RECORD EXCERPTS ::

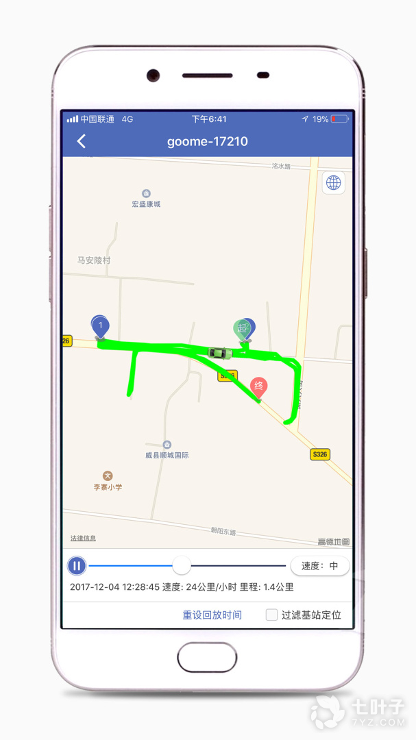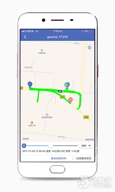 2、轨迹回放:支持回放180天内行车轨迹,回放过程中可显示车辆当时的车速、方向、停留时间等。
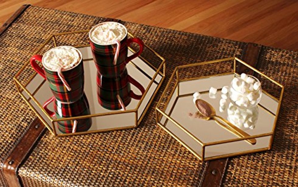 These gold mirrored trays look beautiful and provide a great place for valuables. The hexagonal edges are designed to nestle together, and customers say the quality is outstanding.
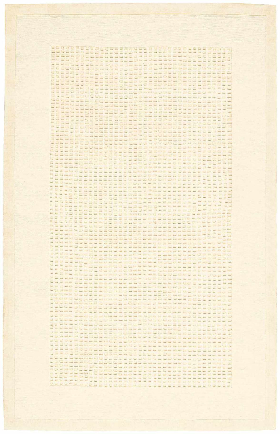 A rectangular area rug in a warm ivory colorway with a tone-on-tone design. The central field is filled with a subtle, allover woven texture — small, tightly packed raised marks or loops that create a grid-like tactile pattern visible up close but reading as a soft, unified ivory surface from a distance. A clean, flat border in a slightly deeper cream or ivory frames the entire rug, creating a quiet but defined edge. The pile is medium height with a smooth, even surface. No fringe, no tassels — edges are cleanly bound. The overall impression is one of quiet luxury: a luminous, almost monochromatic ivory rug with just enough texture to feel intentional and refined.
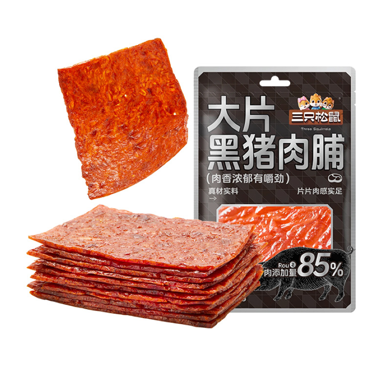 Three Squirrels_大粒黒豚ジャーキー 30g オリジナル/ブラックペッパー味 ポークジャーキー 調理済み食品専門 おやつ
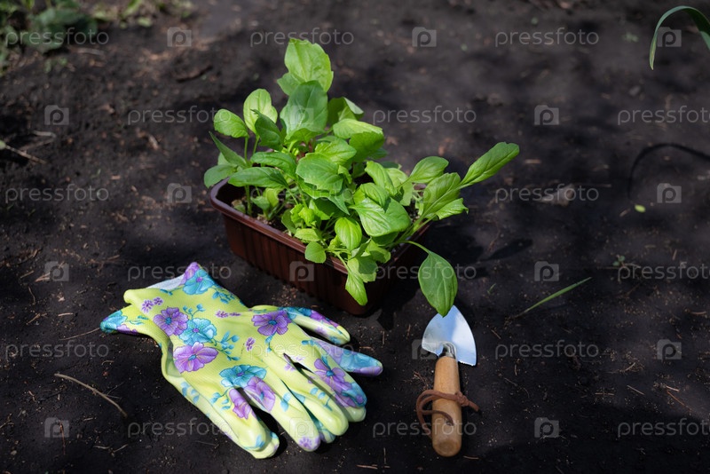 Горшок с молодыми растениями, готовыми к переносу в садовую почву вместе с небольшой лопатой для садовых задач
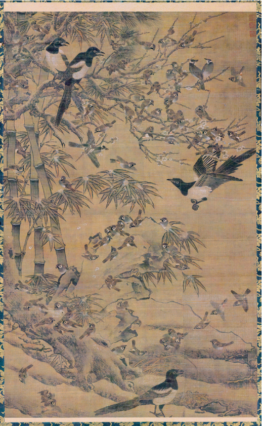 《三友百禽图》,明,边文进,绢本,153.5×95.4cm,美国克利夫兰博物馆藏。
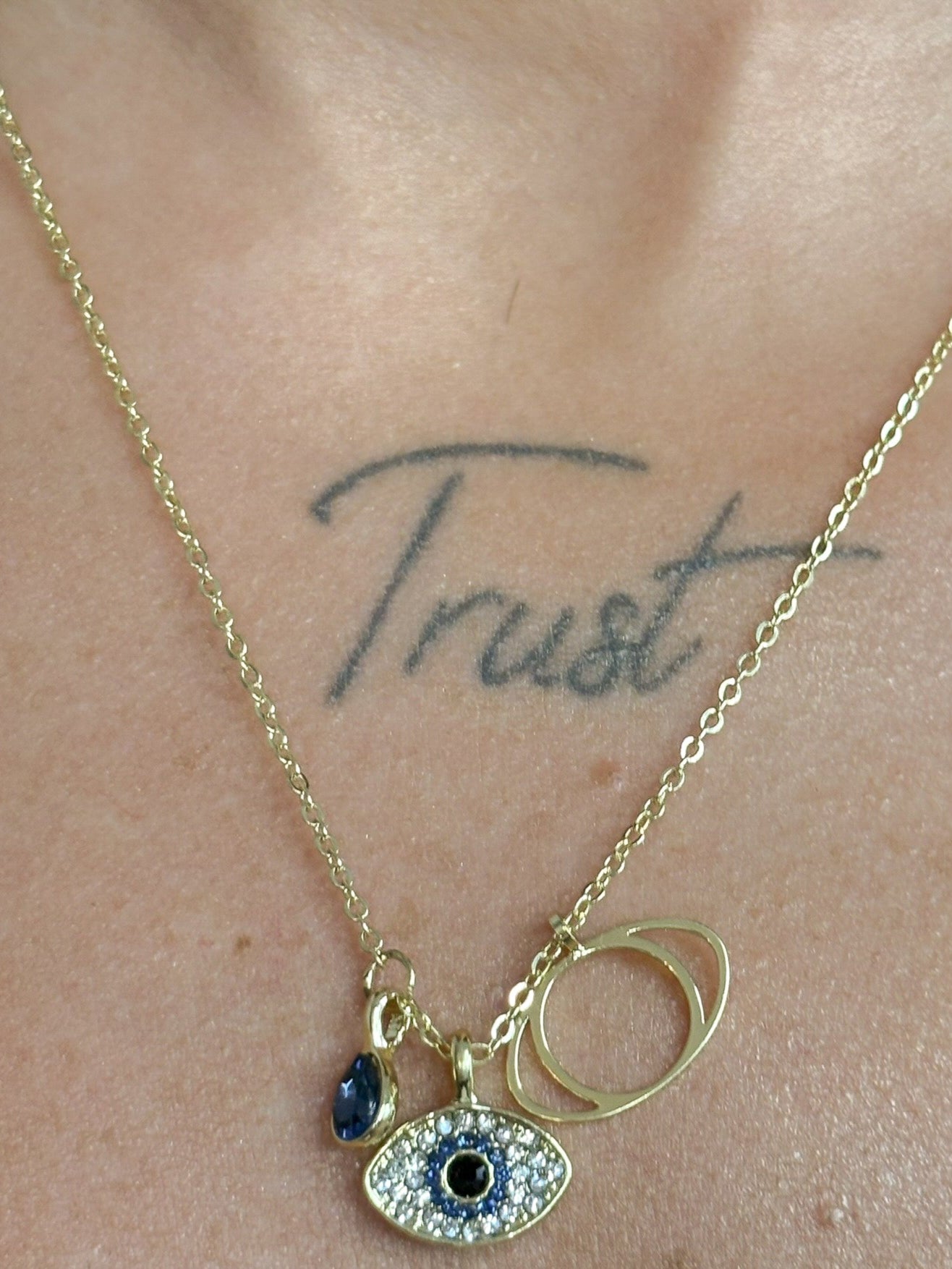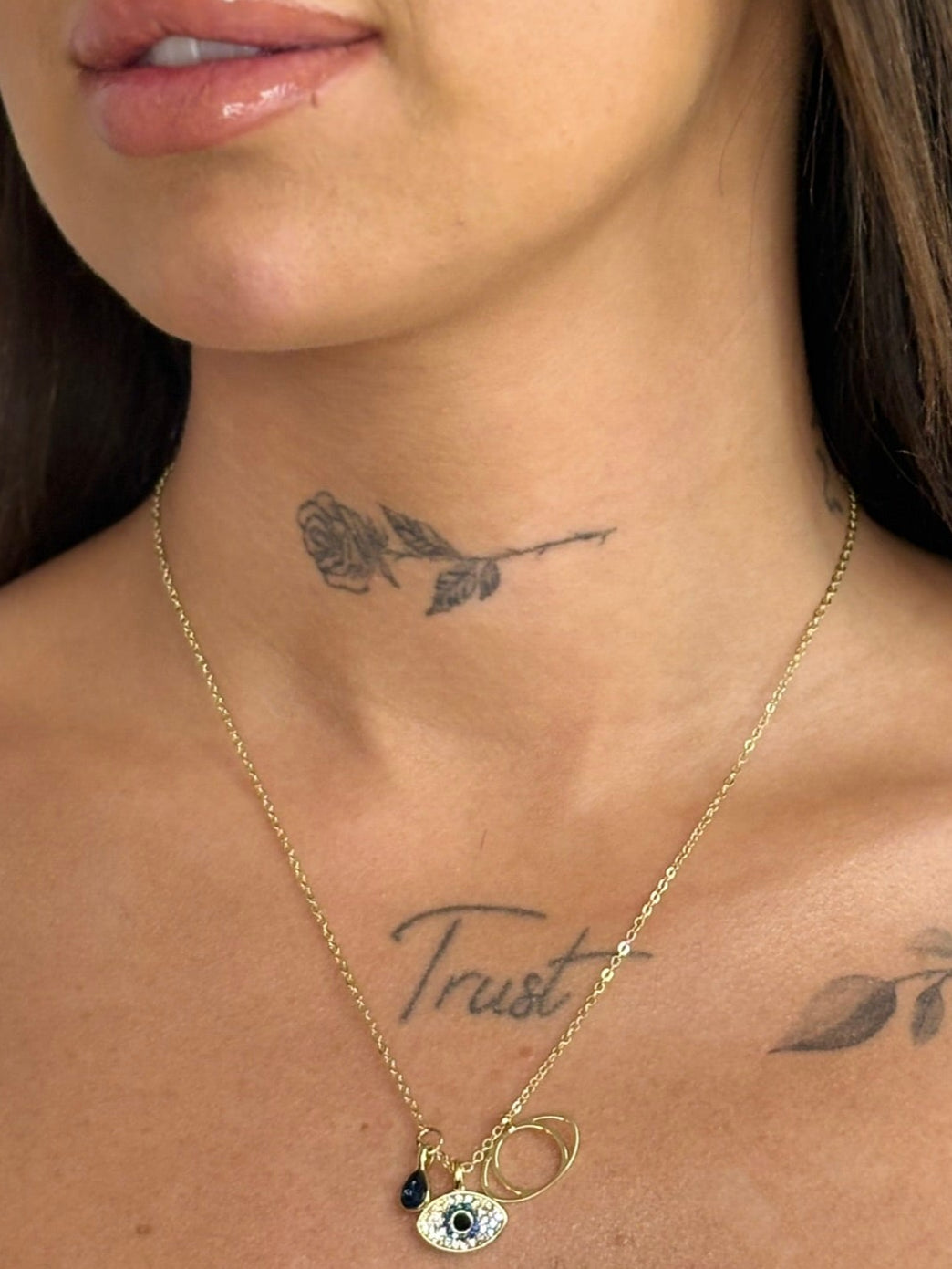 Évocateur et audacieux, le collier "Mystique" mêle symboles et élégance dans un design affirmé. Il se compose d’une chaîne dorée délicate ornée de trois pendentifs distinctifs : un œil protecteur scintillant de cristaux bleus, une goutte bleu nuit raffinée, et un anneau doré géométrique tout en subtilité. Une pièce à forte personnalité, qui habille le cou avec mystère et lumière.
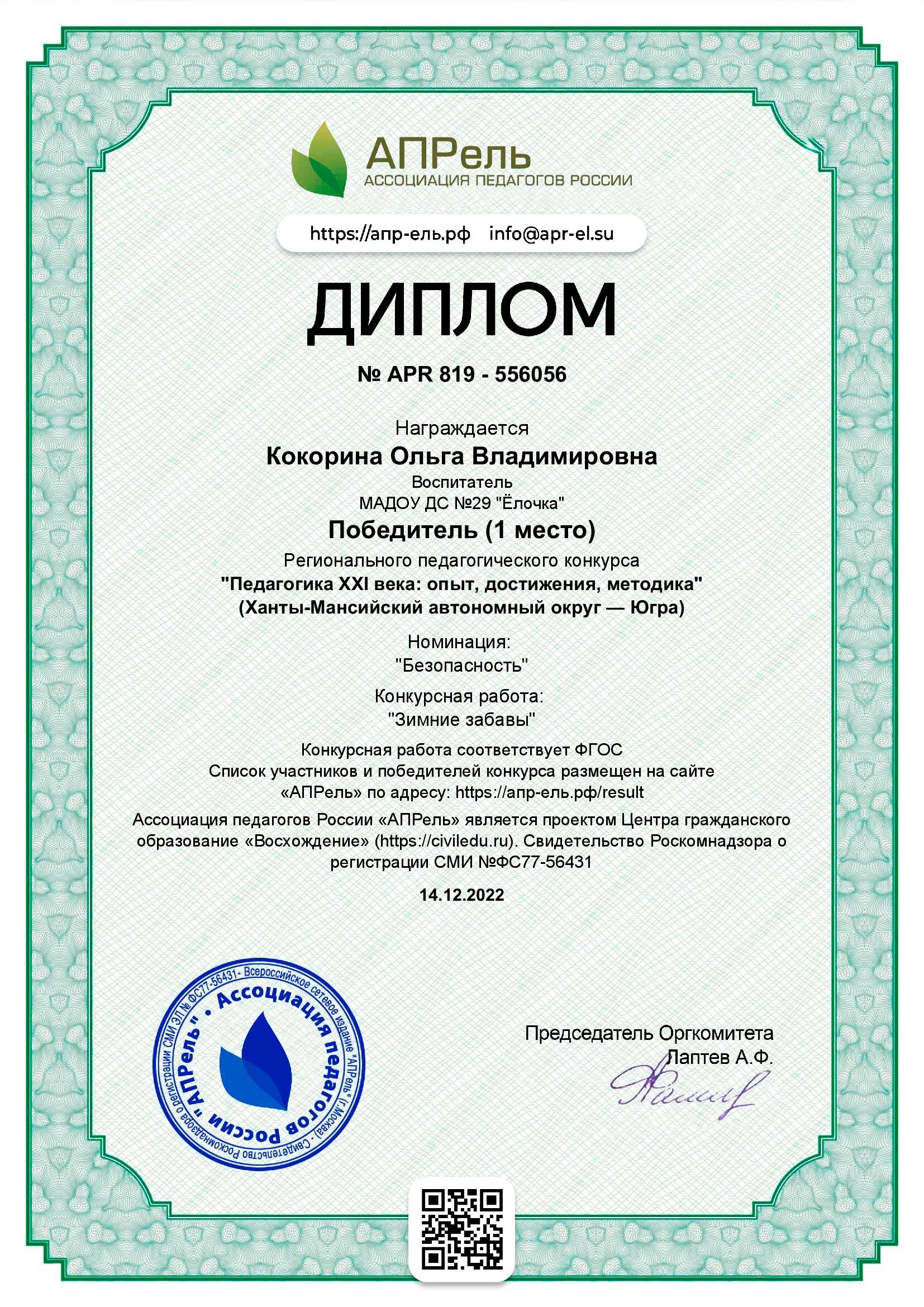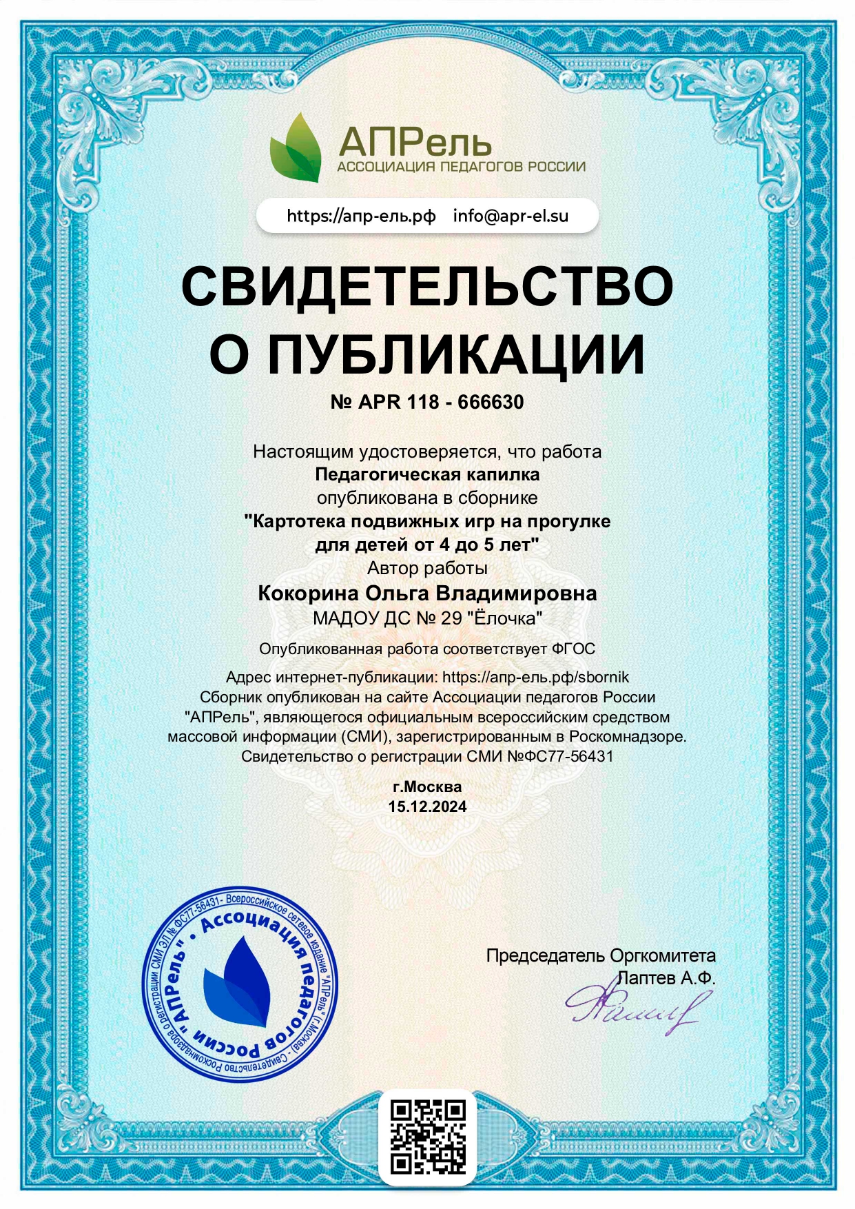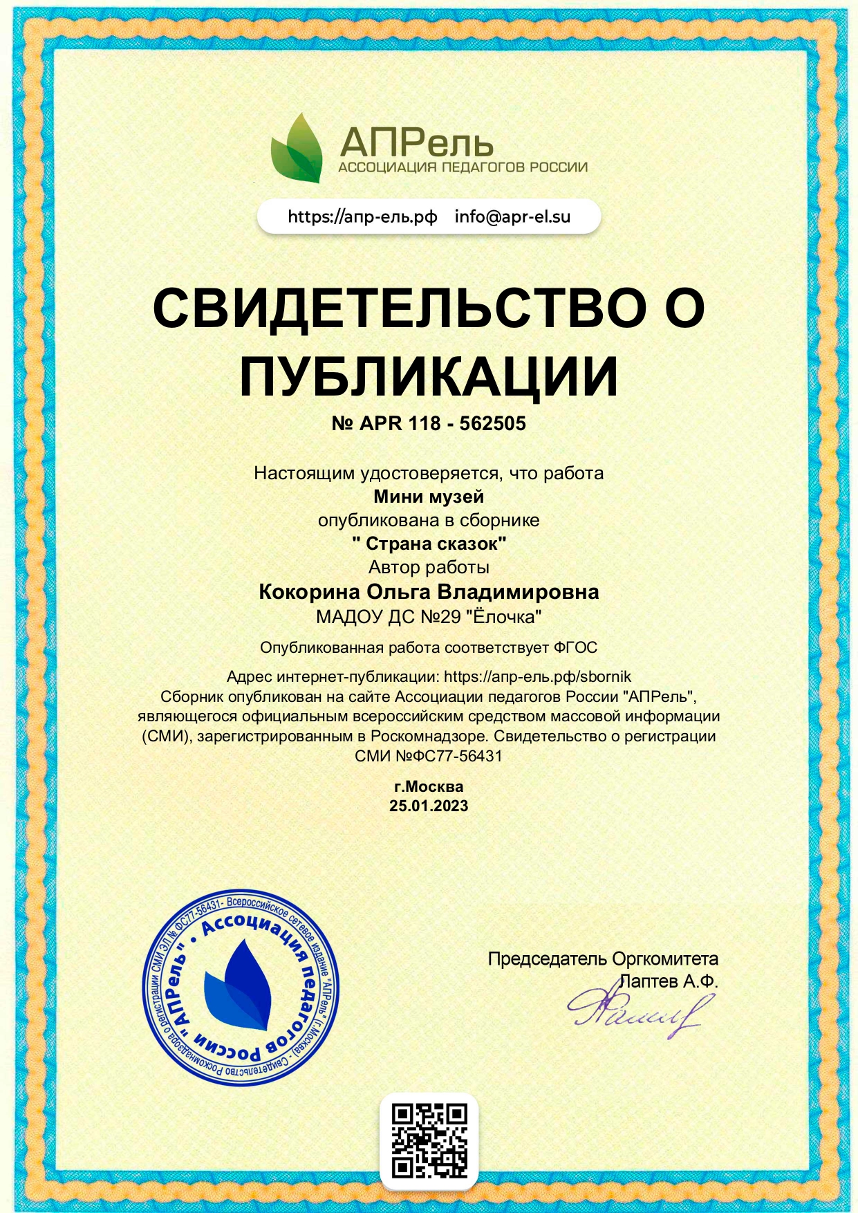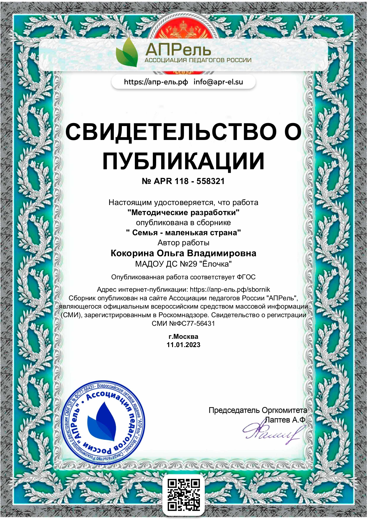 Свидетельство о публикации "АПРель ассоциация педагогов России"

PROBLEM TO SOLVE :: Quote the records above exactly, from the first line through the line containing "These gold mirrored", and leave out the pictures.

OUTPUT ::
 2、轨迹回放:支持回放180天内行车轨迹,回放过程中可显示车辆当时的车速、方向、停留时间等。
 These gold mirrored trays look beautiful and provide a great place for valuables. The hexagonal edges are designed to nestle together, and customers say the quality is outstanding.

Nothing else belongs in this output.